Wukong groans, "Oi, shut it, you melodramatic bastard. And you deserve it! You trouble them all day every day, after all."

Macaque just ignored that and continued to trace patterns on his husband's stomach.

A few minutes later, wukong shifted slightly to stroke Macaque's hair as he murmured softly, "I thought you wanted to tell them. That's why I..."

Macaque cut him off immediately, "I did. Don't worry. I wish I could have seen iron fan's reaction when you said that we're already married. I bet she broke his highlighter."

Wukong laughed softly, "she actually did that when you said something quite interesting actually."

Macaque stilled at that; he didn't quite remember what he'd said the previous day. He asked hesitantly, "What... What did I say?"

Wukong rubbed his husband's neck with his thumb, "You said you'd live for me."

The silence in the huge penthouse was deafening. It was almost too still. Neither of them said anything for a while.

Then macaque relaxed without any inhibitions, "I wasn't lying."

Wukong felt his breath catch again. Damnit, shitty bastard. Who allowed him to say such things, eh?!

The smaller man took off his hat and plopped his hat onto the taller's head, "Good to know, partner.
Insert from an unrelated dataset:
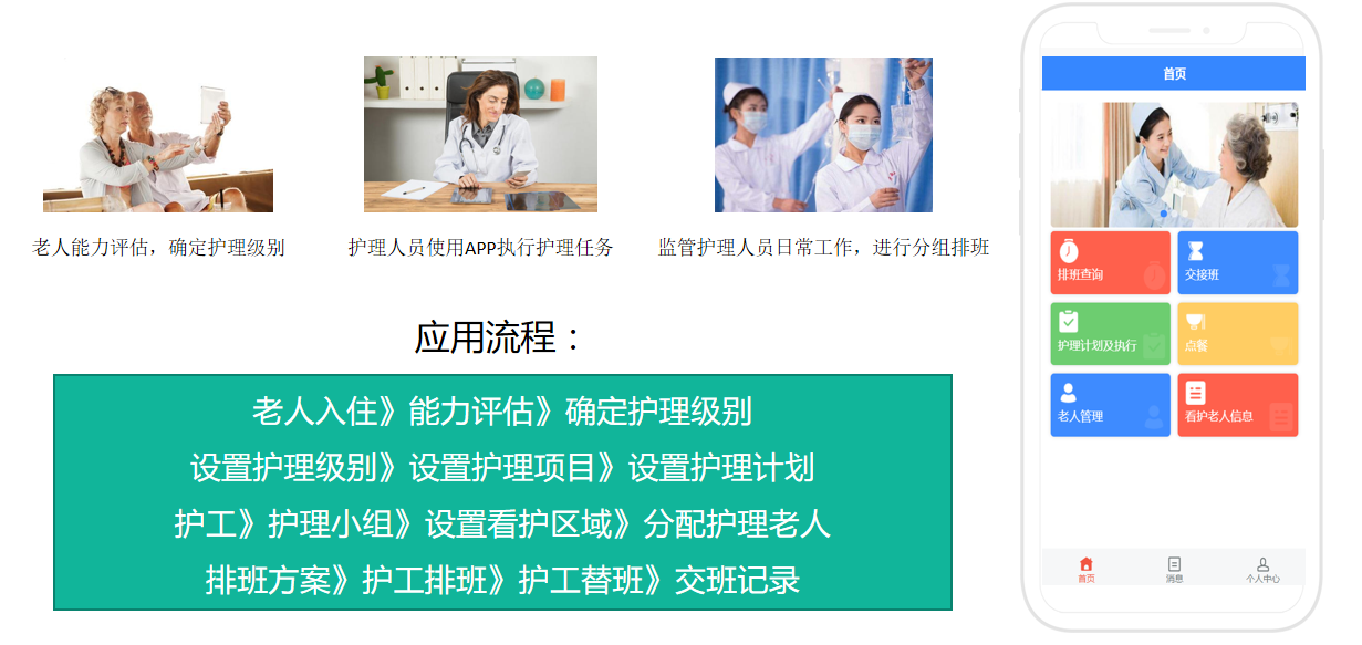 实现医养结合,医生和护士可以管理入住老人健康,下达和执行医嘱。

Good to know."

(Ey, cowboy thing rule shit)

Macaque just hummed, going back to tracing patterns on wukong's skin. The silence this was comfortable; it was the kind of silence they were used to.
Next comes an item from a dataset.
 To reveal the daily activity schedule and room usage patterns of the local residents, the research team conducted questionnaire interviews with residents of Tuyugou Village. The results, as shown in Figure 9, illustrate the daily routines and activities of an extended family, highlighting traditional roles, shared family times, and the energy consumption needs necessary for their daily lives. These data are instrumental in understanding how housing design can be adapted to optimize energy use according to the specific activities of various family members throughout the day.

It was pleasant, a form of peace they'd achieved very recently, despite their marriage of five years at the age of twenty two.

Macaque broke the silence a few minutes later, "Ne peach, did I say something else?"

Wukong considered the question for a while, before a smirk slowly spread on his face, "Well, you did sing "Break up with you husband", by Ariana Grande. You know, when you were asking me to divorce my husband and marry you instead."

Macaque sat up immediately, his jaw dropped, "What the fuck? I did not!"

Wukong burst out laughing, "You totally did! I bet you can hack the hospital's CCTV to find footage. Your co-workers heard you too!"

Macaque, always the type to get embarrassed by the silliest things, whined, "wukong! Kill me! I cannot possibly go back to work now that I've parodied Ariana Grande's song in front of my beloved mentee! What will he think of me?"

Wukong laughed again, "I'm sure redson knows you are a huge idiot, you big baby."

Macaque just huffed, muttering about how his precious protégé would never betray him like that.

The ginger added a heartbeat later, in soft words, "Besides, you said you'd live for me anyways. You can't take it back."

Macaque gave his husband a smile, one rivalling a masterpiece worth ten billion, "I don't plan to take it back, partner. You know I don't lie in negotiations like this."

Wukong whispered before sealing Macaque's- no, their- promise to each other with a soft kiss, "Good."